Police: UPS driver doesn’t remember landing in bay

The UPS driver whose truck crashed into Biscayne Bay told police his brakes failed.

06/28/2012 5:00 AM

06/29/2012 6:11 AM

Driver Luis De La Paz crashed his iconic UPS brown van into a tree before it careened into Biscayne Bay.

He told police he didn’t remember how he ended up almost waist-deep in the bay, still strapped in his seat.

According to a Miami Shores Police report, De La Paz, 40, of Miramar, was driving east on 96th Street when something happened that caused his truck to speed through a stop sign, into a tree, through a guardrail, and into the water.

The package van landed in three to four feet of water.

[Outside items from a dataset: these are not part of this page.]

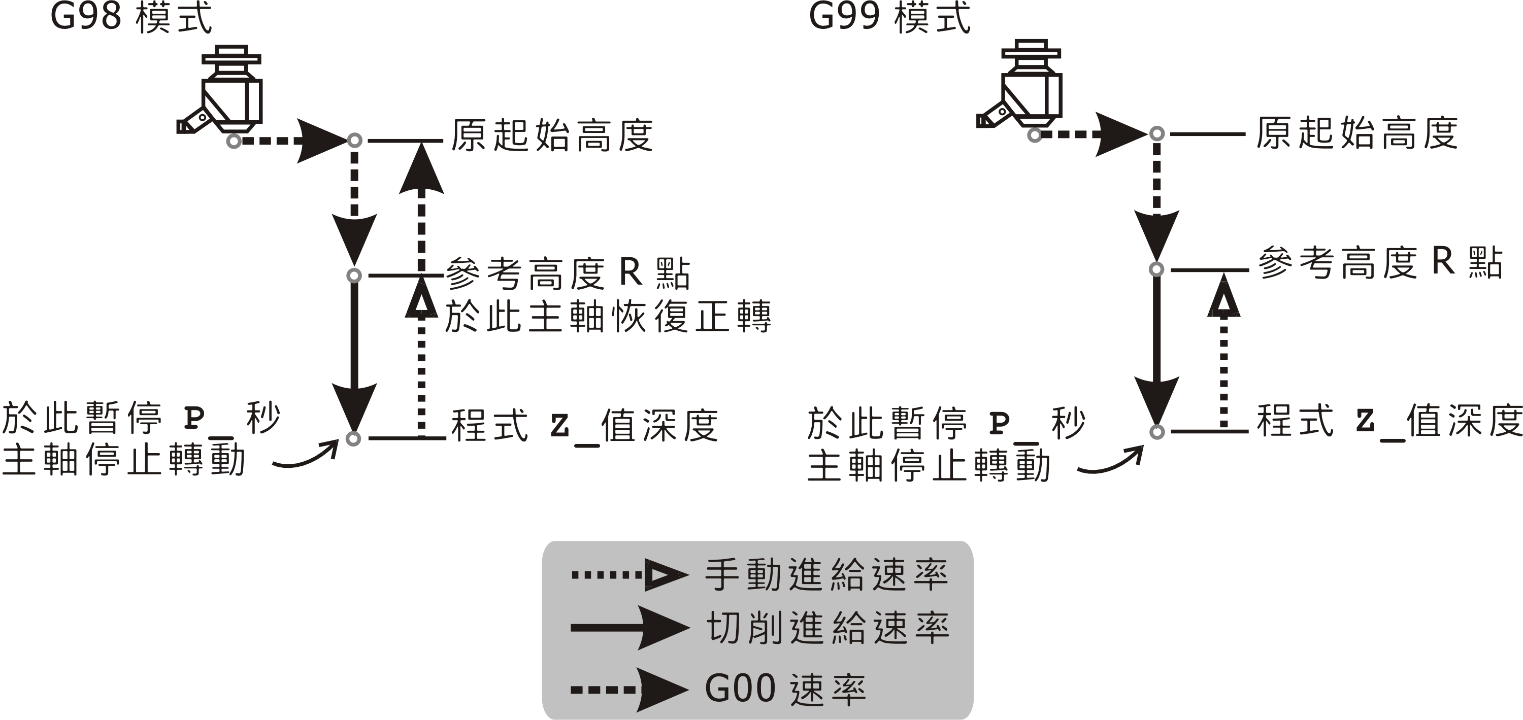 程式在確定刀具已在參考位置 R_ 點以上後,即自動恢復主軸之正轉,請將頭、手離開主軸,以確保安全! |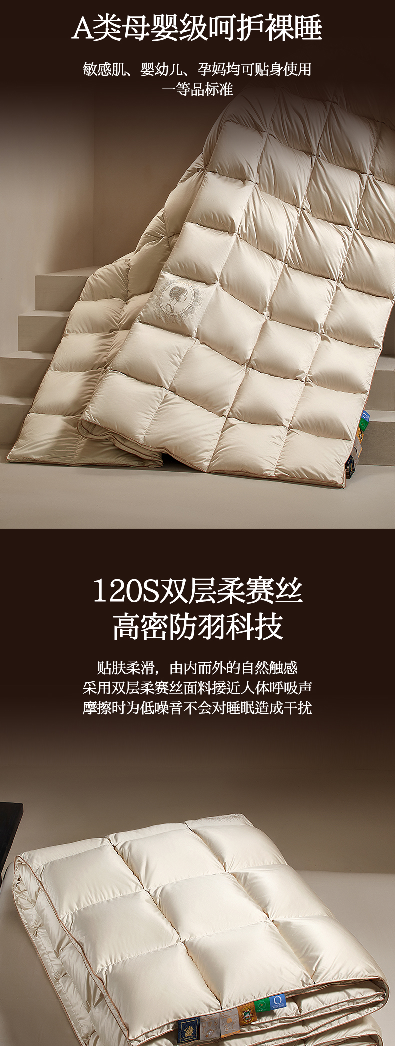 商品名称:织梦人羽绒工厂店2025新款羽绒被壳 贵夫人真丝缎-米白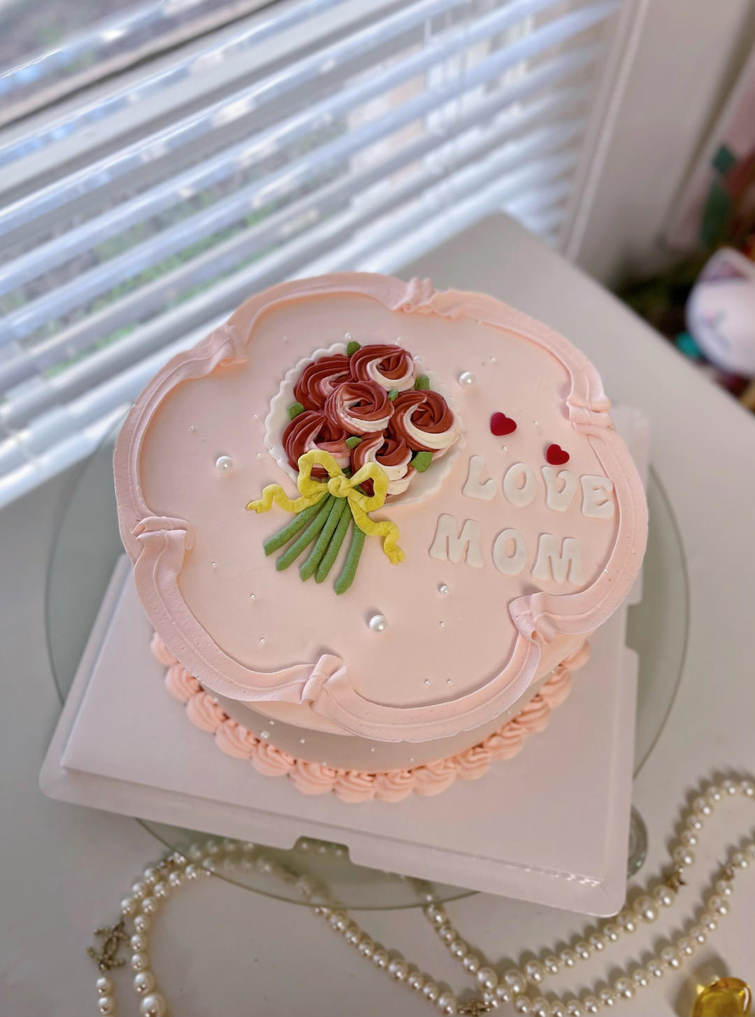 8寸love mom。 颜色深 🌹 垫了一圈翻糖 晕色

De La Paz waded back to shore and told police his brakes gave out as he was going through the intersection of Northeast 10th Avenue and 96th Street. Police believe that intersection was actually Northeast 12th Avenue and 96th Street.

De La Paz’s truck is based in Hialeah, and his regular route detours away from the Miami Shores bayside at Northeast 10th Street, where he usually turns south. He said he stomped on the brakes, but the pedal wouldn’t give. He turned the wheel sharply to the right, clipping a large tree and peeling back part of the brown UPS truck’s roof and side.

Gordon Moyer told police he saw the truck run the 12th Avenue stop sign. Lele Tracy said she heard a crash and saw the truck speed up, and go into the bay.

But De La Paz told police he couldn't remember anything. He doesn’t remember righting himself on the road and speeding straight for the water. He doesn’t remember crashing through a metal guardrail. He doesn’t remember splashing into Biscayne Bay.

Except for a few cuts on his legs, De La Paz was unharmed. He soon started making phone calls. He later told police a car cut him off at the intersection.

When the truck was pulled from the water, the police report stated the brake pedal was “extremely firm and difficult to depress.” But, the report noted, the brake system could have gotten stuck after sitting in the water after the crash.

The report allowed for the possibility of mechanical error, human error, or a medical issue.

Police did not cite De La Paz because the crash into the tree could have knocked him unconscious or left him disoriented.

UPS spokeswoman Susan Rosenburg said UPS will look over the truck to determine what caused the crash.

“It could be that it was something completely unavoidable for that driver,” she said.

Contacted at home, De La Paz’s wife told The Miami Herald that he did not want to comment.